Hermann Adam Widemann (December 24, 1822 – February 7, 1899) was a businessman from Germany who was a judge and member of the cabinet of the Kingdom of Hawaii.

Life
Widemann was born in Hanover, Germany on December 24, 1822.
As a teenager he went to work on a whaling ship. He came to live in the Hawaiian Islands in 1846, after stopping in 1843.
He came briefly to the California Gold Rush in 1849, but returned after his companion John von Pfister was murdered.
He married a native Hawaiian Kaumana "Mary" Kapoli in 1854 and lived in Līhue.
He became sheriff of the island of Kauai in 1854, was elected to the house of representatives in the legislature of the Hawaiian Kingdom in 1855, and in 1863 appointed its circuit judge.
He started one of the first sugarcane plantations in Hawaii known as  Grove Farm.
During the American Civil War he supported the Confederate States.

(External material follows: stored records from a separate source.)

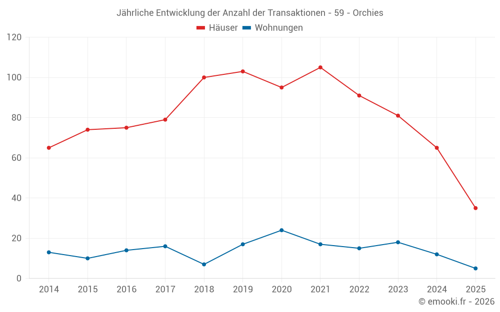 Der Durchschnittspreis auf den 35 Hausgeschäften der letzten 6 Monate in der Gemeinde Orchies betrug 2 353 € pro Quadratmeter für einen mittleren Immobilienwert von 202 700 €. Über diesen Zeitraum hinweg lagen 60% der Transaktionen zwischen 1 725 und 2 755 € pro Quadratmeter (vom 2. bis zum 8. Dezil).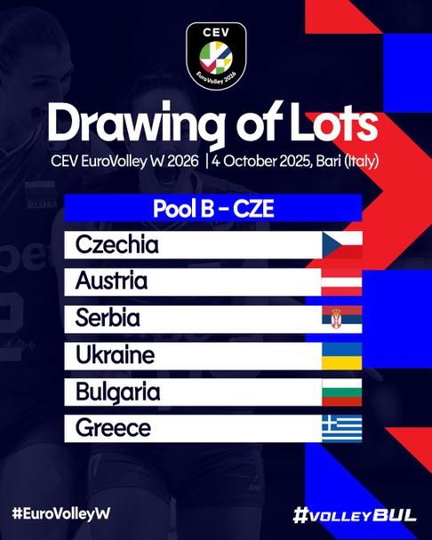 България ще се изправи срещу Австрия, европейския вицешампион Сърбия, Украйна, Гърция и домакина Чехия в груповата фаза на Евро 2026 по волейбол при жените, отреди тегленият в италианския град Бари жребий. Мачовете от група "В" с участието на българския отбор ще се играят в чешкия град Бърно. Европейското първенство ще се проведе между 21 август и 6 септември в Турция, Чехия, Азербайджан и Швеция.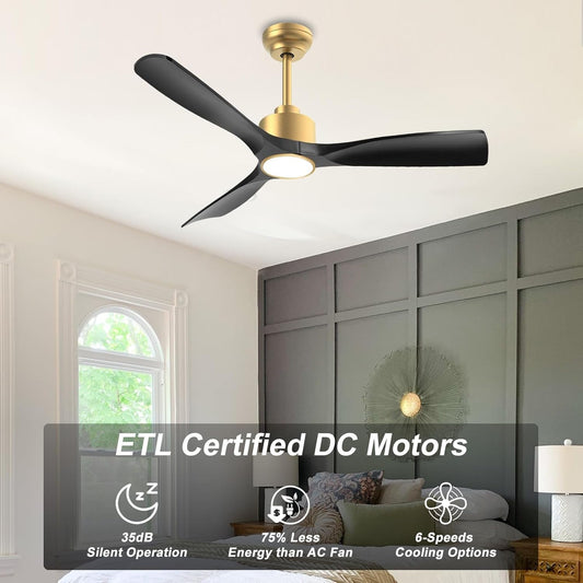 52 Inch Smart Ceiling Fan with Quiet DC Motor, 3 Blade High CFM Indoor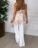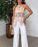SPECIFICATIONS Top Type: Tops Style: Casual Material: Cotton Blends Occasion: Daily Neckline: Halter Pattern Type: Print Sleeve Length: Sleeveless Fit Type: Regular Season: Spring,Summer Details: Backless,Lace Up,Ruffle Package Includes: 1 x Top SIZE TABLE Size Bust Length CM INCH CM INCH S 95 37.40ย 65 25.59ย M 100 39.37ย 66.5 26.1...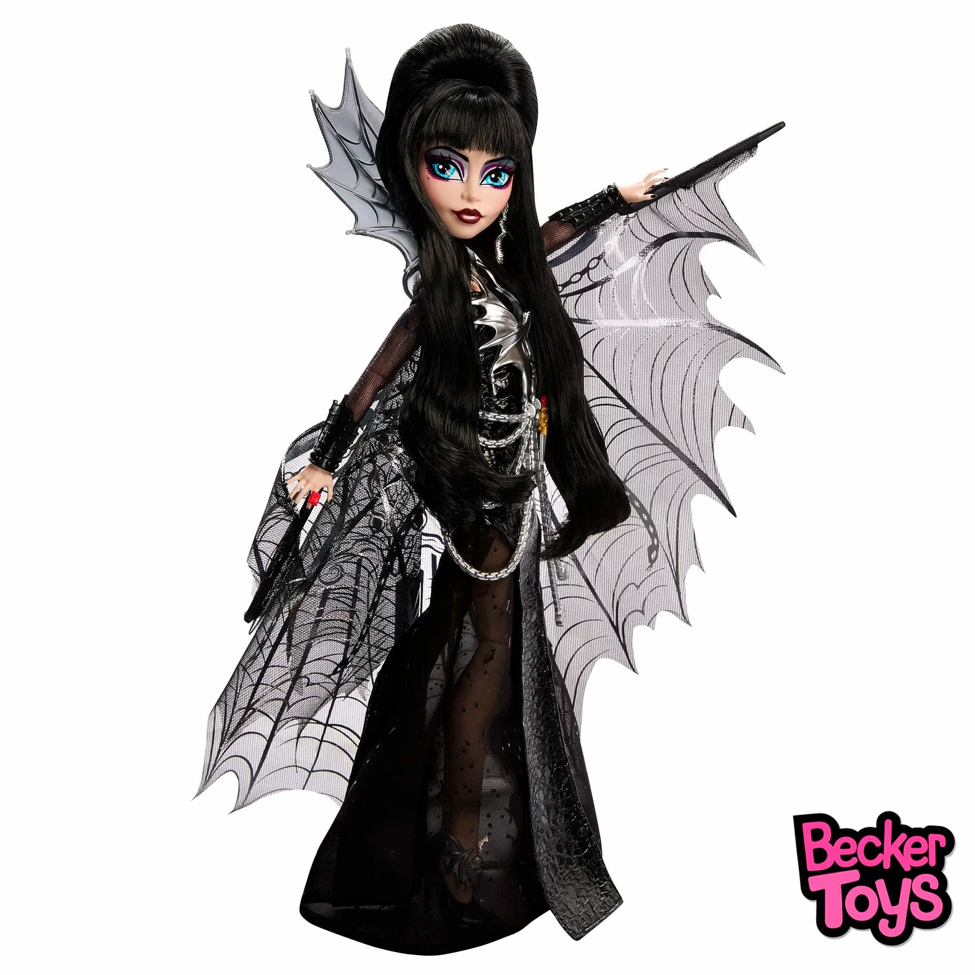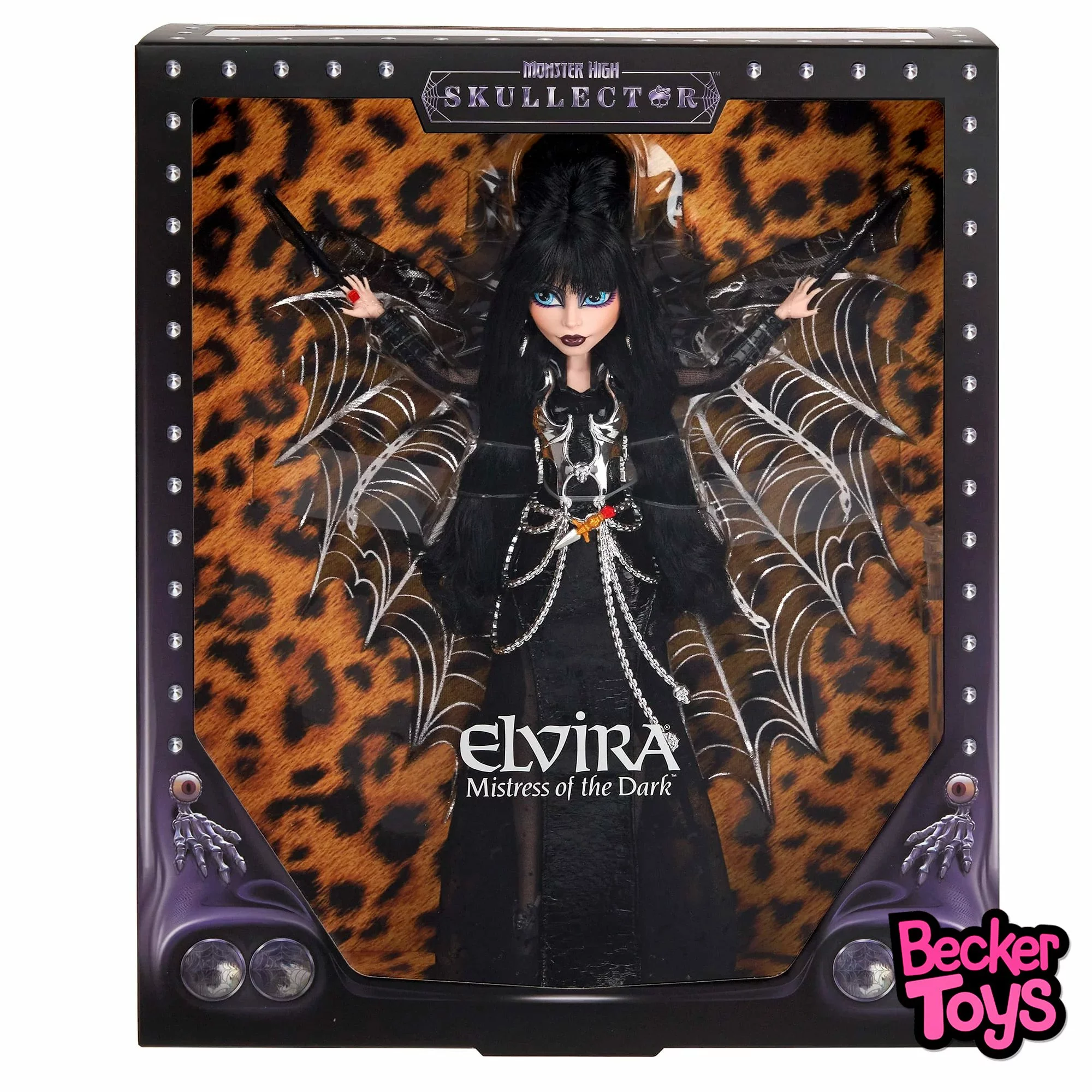 Monster High Skullector Elvira Mistress of the Dark es una edición especial inspirada en la icónica presentadora de terror Elvira, interpretada por Cassandra Peterson. Esta muñeca captura el estilo gótico y glamuroso de Elvira con un toque Monster High.

After selling Grove Farm to its manager George Norton Wilcox in 1865, he moved to Honolulu to work in the capital. On July 10, 1869 he was appointed to the kingdom's supreme court, despite never having any formal law school training.
On February 18, 1874 he was appointed to the cabinet as minister of the interior until May 28, 1874, as well as on the Privy Council, the board of education, commissioner of crown lands, president of the bureau of immigration, and board of health.
In 1878 he started the Waianae Sugar Company in the Waianae district of Oahu island.

On February 25, 1891 he was appointed as Minister of Finance to Queen Liliuokalani, but had to resign two weeks later on March 10. He was temporarily replaced by Samuel Parker, and then John Mott-Smith. After Mott-Smith was sent to Washington, DC to attempt to negotiate a trade treaty, Parker served again briefly until Widemann resumed his duties as minister of finance.
He also filled in briefly as Attorney General from July 27, 1892 to August 29, 1892.

After the 1893 overthrow of the Kingdom of Hawaii, Widemann was sent with Parker and John Adams Cummins to Washington, DC,  in an attempt to get international support for its restoration. He then continued to London and Berlin but was never successful.

Widemann was interviewed by US Commissioner James H. Blount in preparing his Blount Report on May 20, 1893.
He was the first to experiment with the Guatemalan variety of coffea tree, which turned out to be well-adapted to higher elevations; it became the most popular variety through modern times.

He died February 7, 1899.
After a funeral in the Cathedral of Our Lady of Peace, he was buried in Oahu Cemetery.
He was survived by two sons and seven daughters.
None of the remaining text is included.